[Source data]
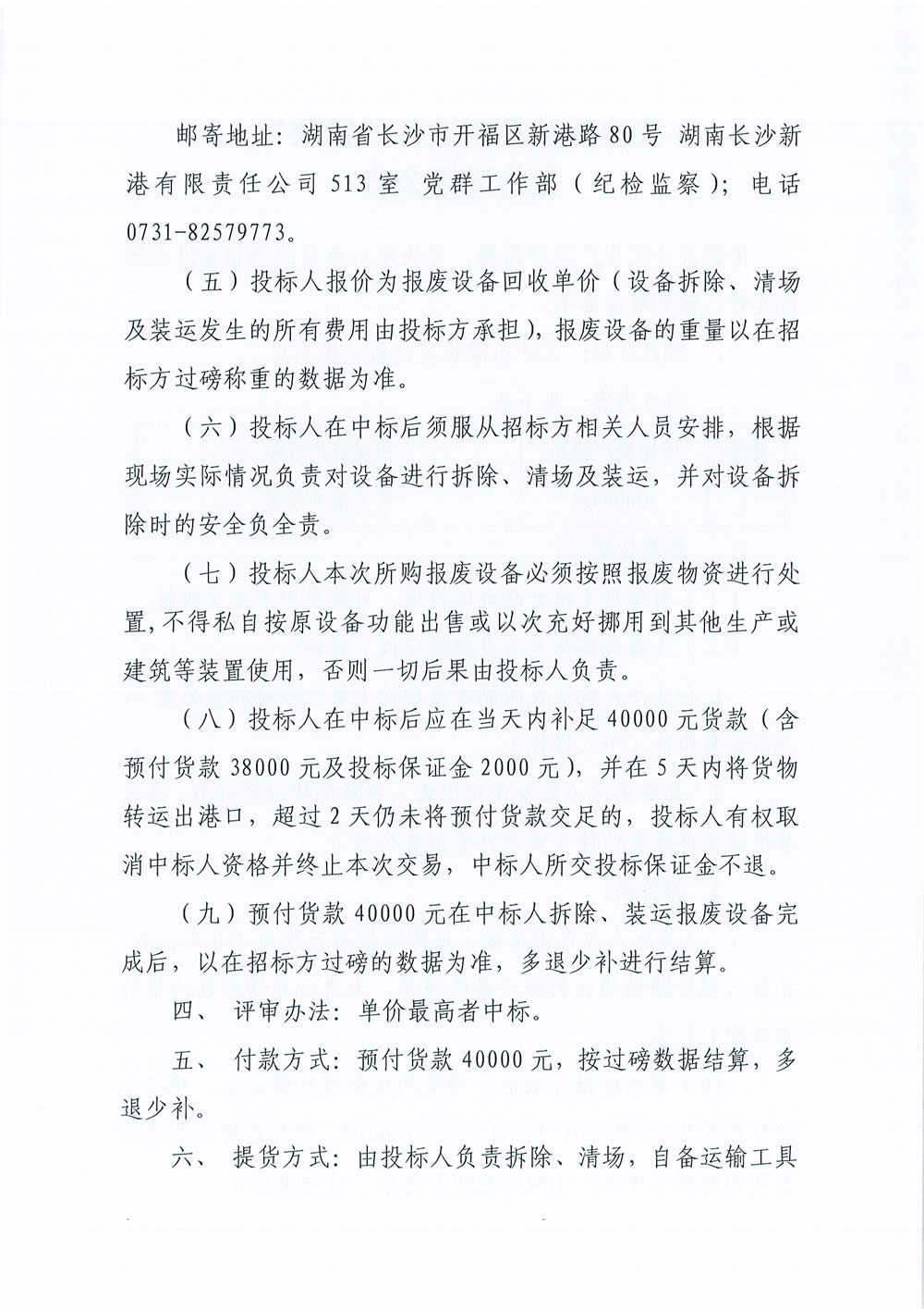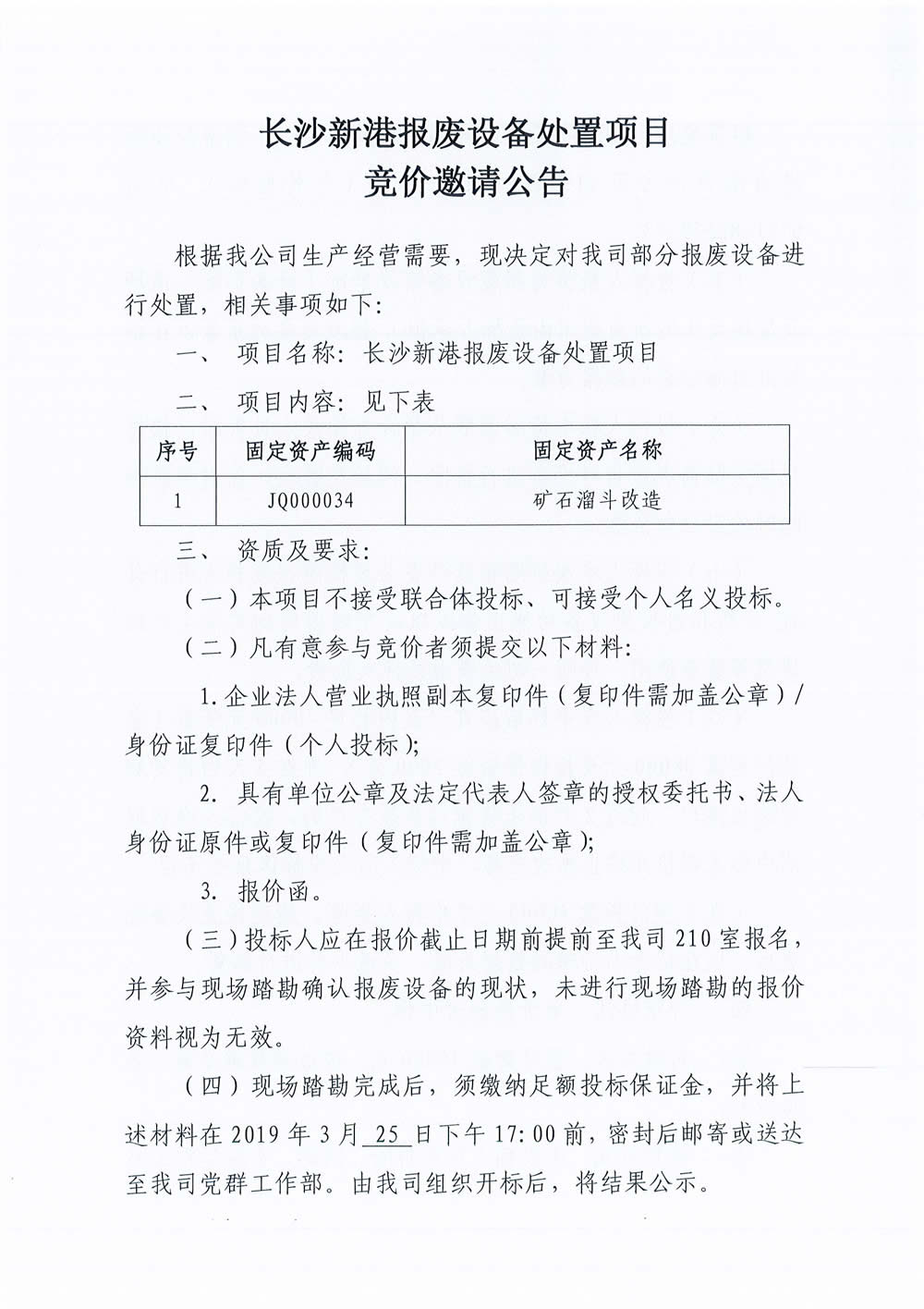 長沙新港報(bào)廢設(shè)備處置項(xiàng)目競價(jià)邀請公告
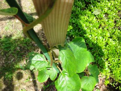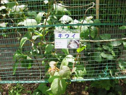 去年冬にPTAで植樹したキウイが元気に育っています。
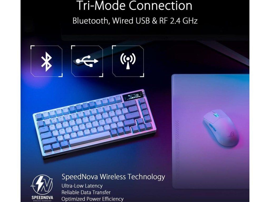- Pripojenie v troch režimoch: Použite Bluetooth na pripojenie a prepínanie medzi tromi zariadeniami naraz, bezdrôtová technológia ROG SpeedNova zabezpečuje až 2 000+ hodín hrania s nízkou latenciou v bezdrôtovom režime 2,4 GHz RF (OLED a RGB vypnuté), alebo použite štandardný káblový USB
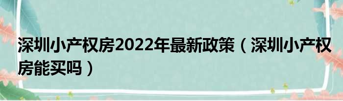 导读 大家好,甜甜来为大家解答以上问题,深圳小产权房2022年最新政策,深圳小产权房能买吗很多人还不知道,现在让我们一起来看看吧!不可以买。
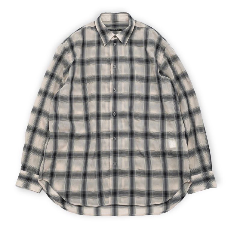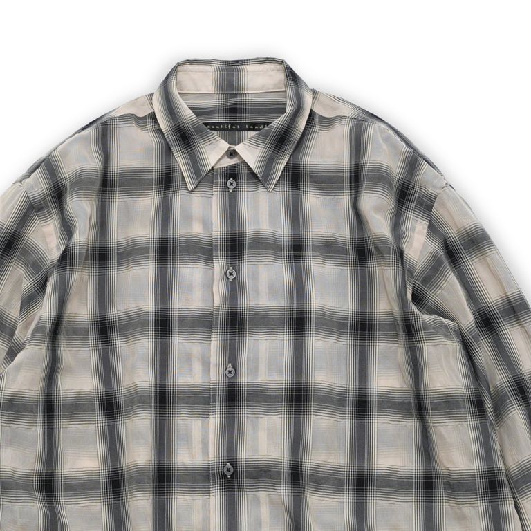 リサイクルポリを使用したシアー感のあるチェック生地を使用し製作をおこなた本作。程よくリラックスフィットなL/Sシャツです。
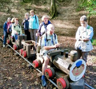 Heute, am kalendarischen Herbstanfang, haben wir ein Wanderwetter, wie man es sich schöner nicht wünschen kann. Der Ramsauer-Bus bringt uns zur Obrunnschlucht, und wir beginnen mit unserer Wanderung auf dem märchenhaften Wanderpfad. Verwunschene Mooswände bieten unserer Fantasie kreative Deutungen. Und schon verleitet die Lok Emma von Jim Knopf zum Einsteigen.
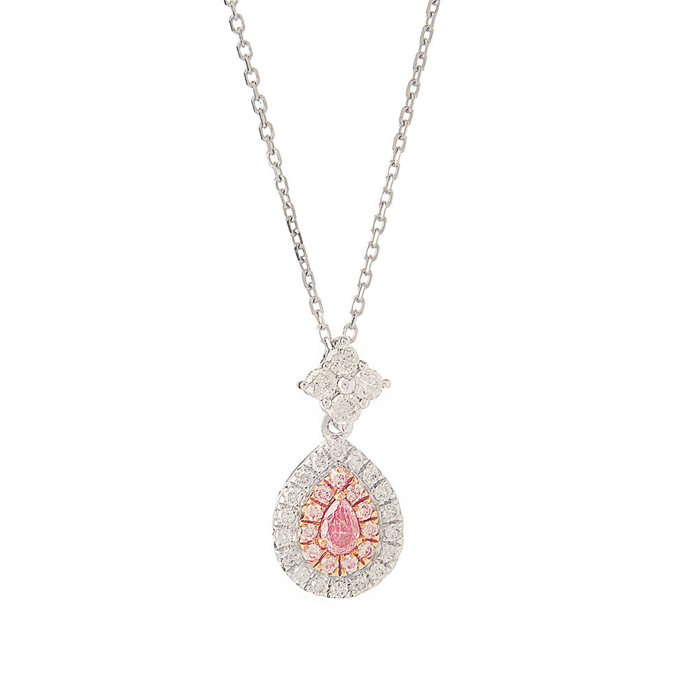 Colar Gota Diamantes Rosas Ouro Branco 18k - Tamanho U
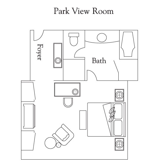 Parkview Guestroom - общая площадь - 42 кв.м. Из окон открывается прекрасный вид на Центральный парк. К услугам гостей номера телескоп. Номер состоит из спальни, ванной комнаты и небольшой прихожей. Постельное белье, халаты и покрывала от знаменитой фирмы Frette
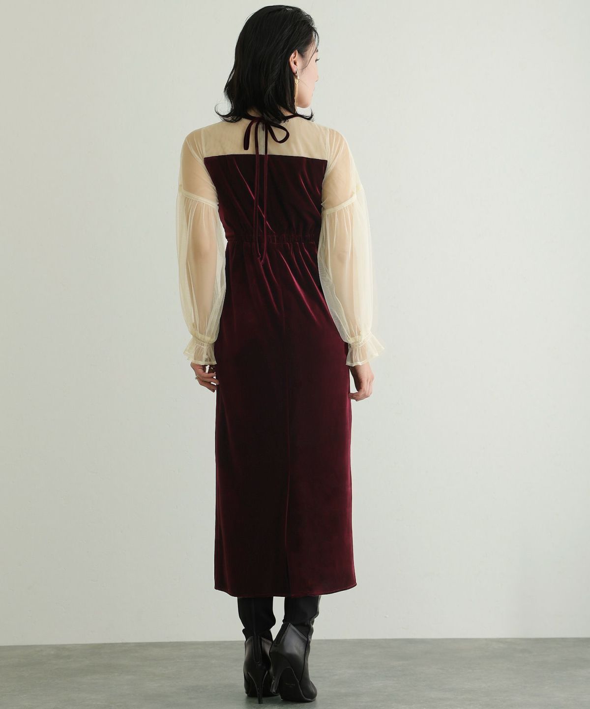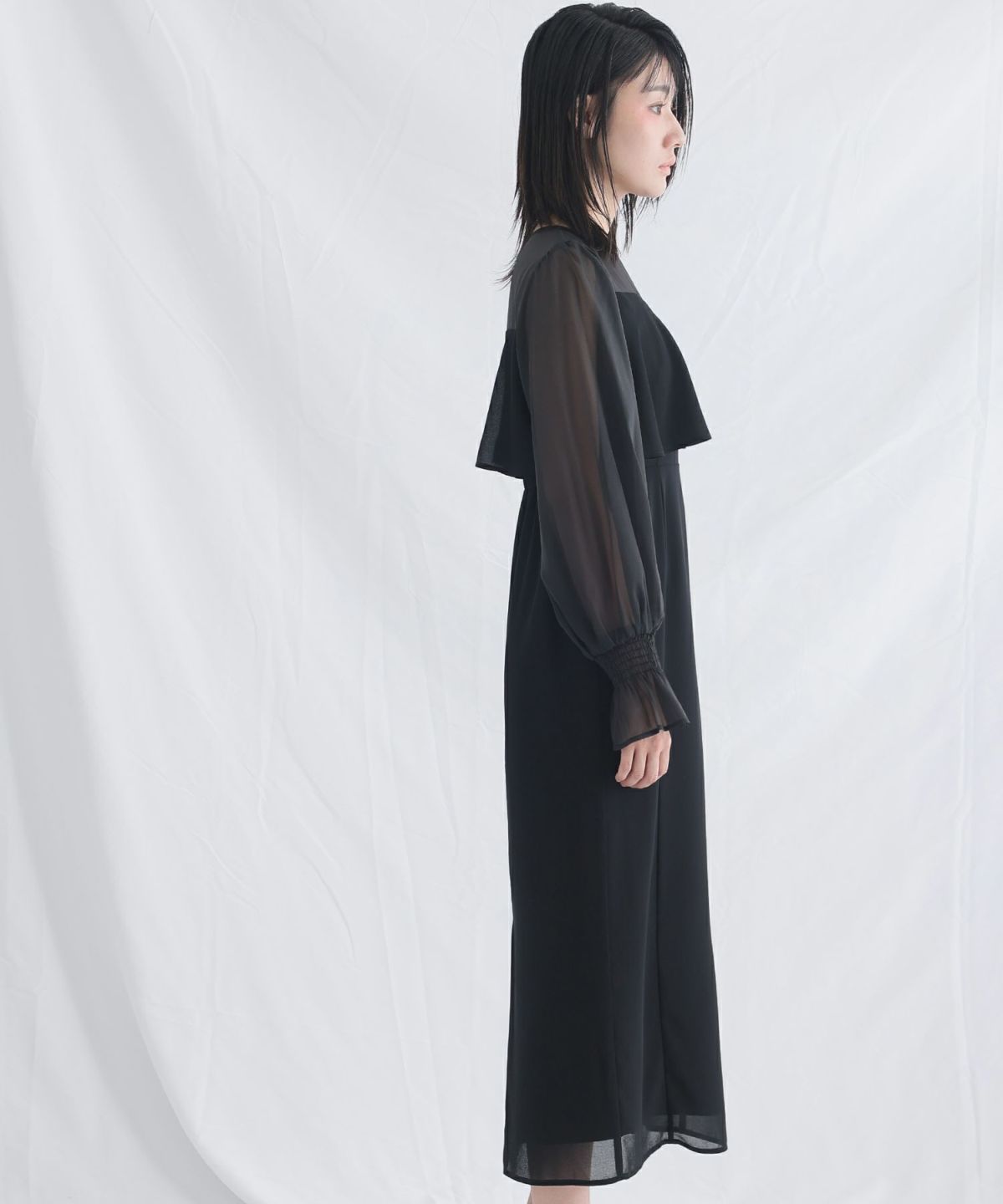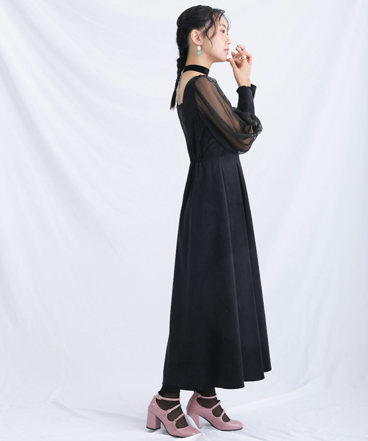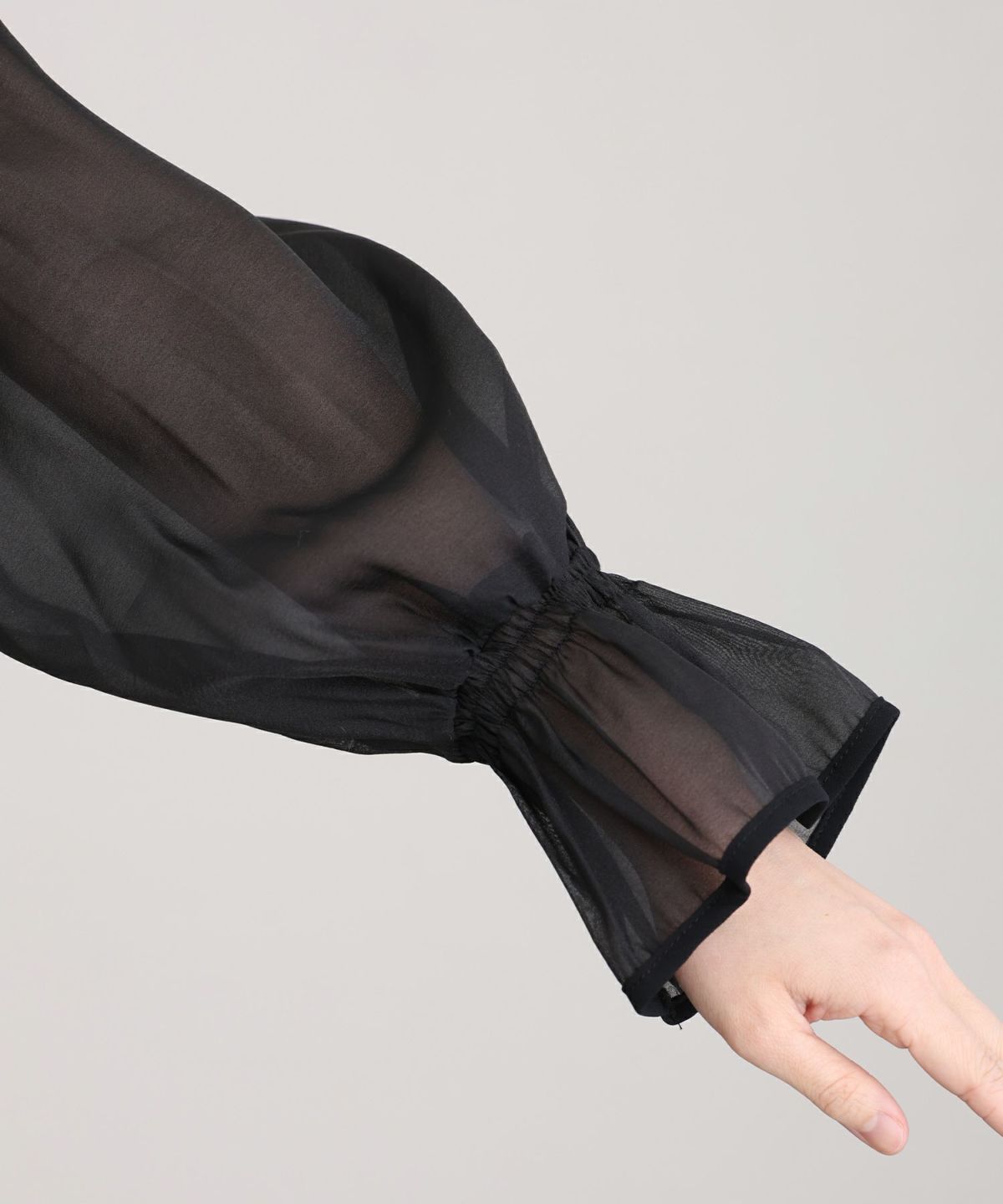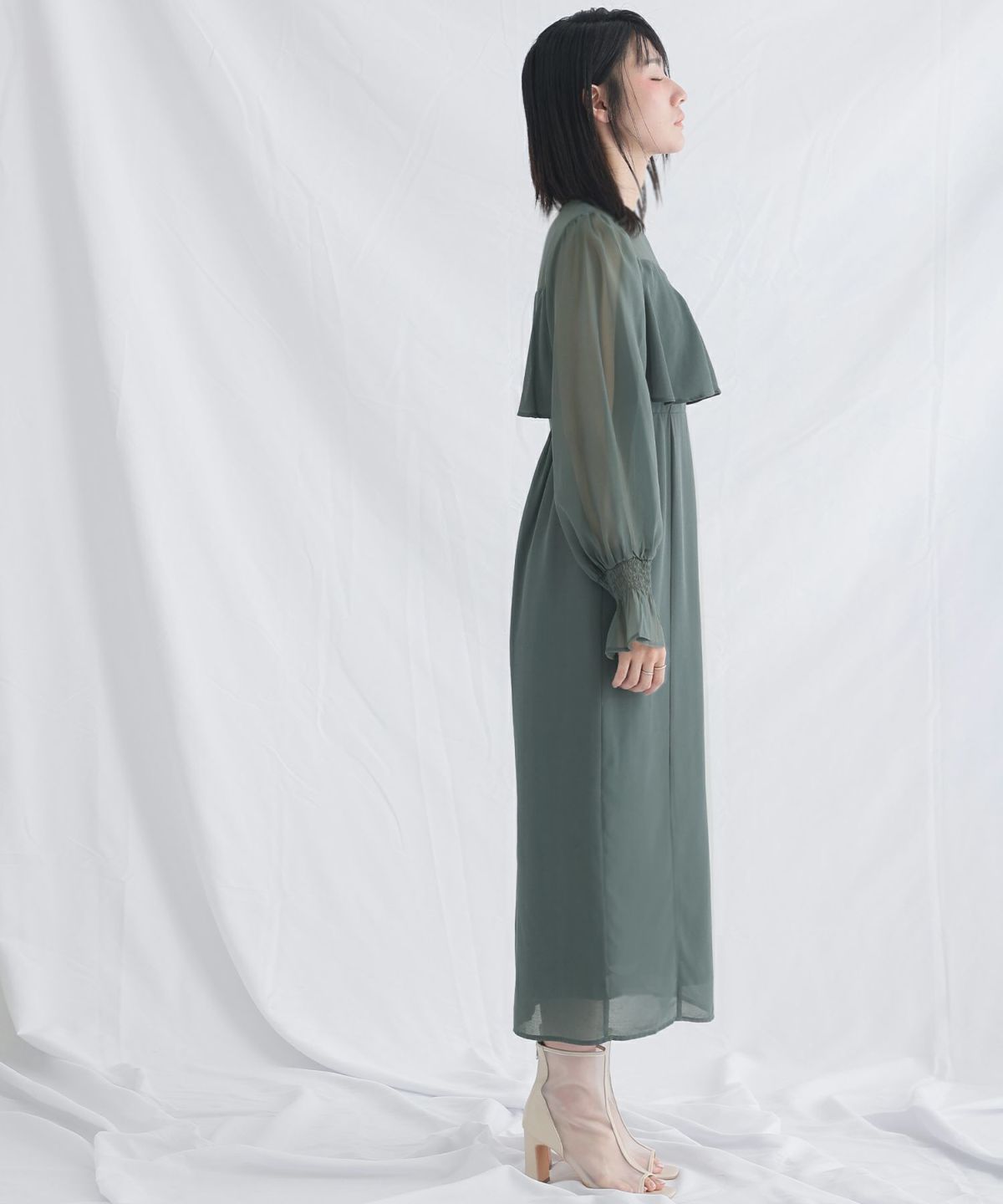 程よい透け感が上品な印象に ボリュームスリーブバックシャンワンピース

ACTION ITEM =>
With the pictures left out, return each entry exactly as written.

ANSWER TO THIS EXERCISE =>
 長沙新港報(bào)廢設(shè)備處置項(xiàng)目競價(jià)邀請公告
 去年冬にPTAで植樹したキウイが元気に育っています。
- Pripojenie v troch režimoch: Použite Bluetooth na pripojenie a prepínanie medzi tromi zariadeniami naraz, bezdrôtová technológia ROG SpeedNova zabezpečuje až 2 000+ hodín hrania s nízkou latenciou v bezdrôtovom režime 2,4 GHz RF (OLED a RGB vypnuté), alebo použite štandardný káblový USB
 导读 大家好,甜甜来为大家解答以上问题,深圳小产权房2022年最新政策,深圳小产权房能买吗很多人还不知道,现在让我们一起来看看吧!不可以买。
 リサイクルポリを使用したシアー感のあるチェック生地を使用し製作をおこなた本作。程よくリラックスフィットなL/Sシャツです。
 Heute, am kalendarischen Herbstanfang, haben wir ein Wanderwetter, wie man es sich schöner nicht wünschen kann. Der Ramsauer-Bus bringt uns zur Obrunnschlucht, und wir beginnen mit unserer Wanderung auf dem märchenhaften Wanderpfad. Verwunschene Mooswände bieten unserer Fantasie kreative Deutungen. Und schon verleitet die Lok Emma von Jim Knopf zum Einsteigen.
 Colar Gota Diamantes Rosas Ouro Branco 18k - Tamanho U
 Parkview Guestroom - общая площадь - 42 кв.м. Из окон открывается прекрасный вид на Центральный парк. К услугам гостей номера телескоп. Номер состоит из спальни, ванной комнаты и небольшой прихожей. Постельное белье, халаты и покрывала от знаменитой фирмы Frette
 程よい透け感が上品な印象に ボリュームスリーブバックシャンワンピース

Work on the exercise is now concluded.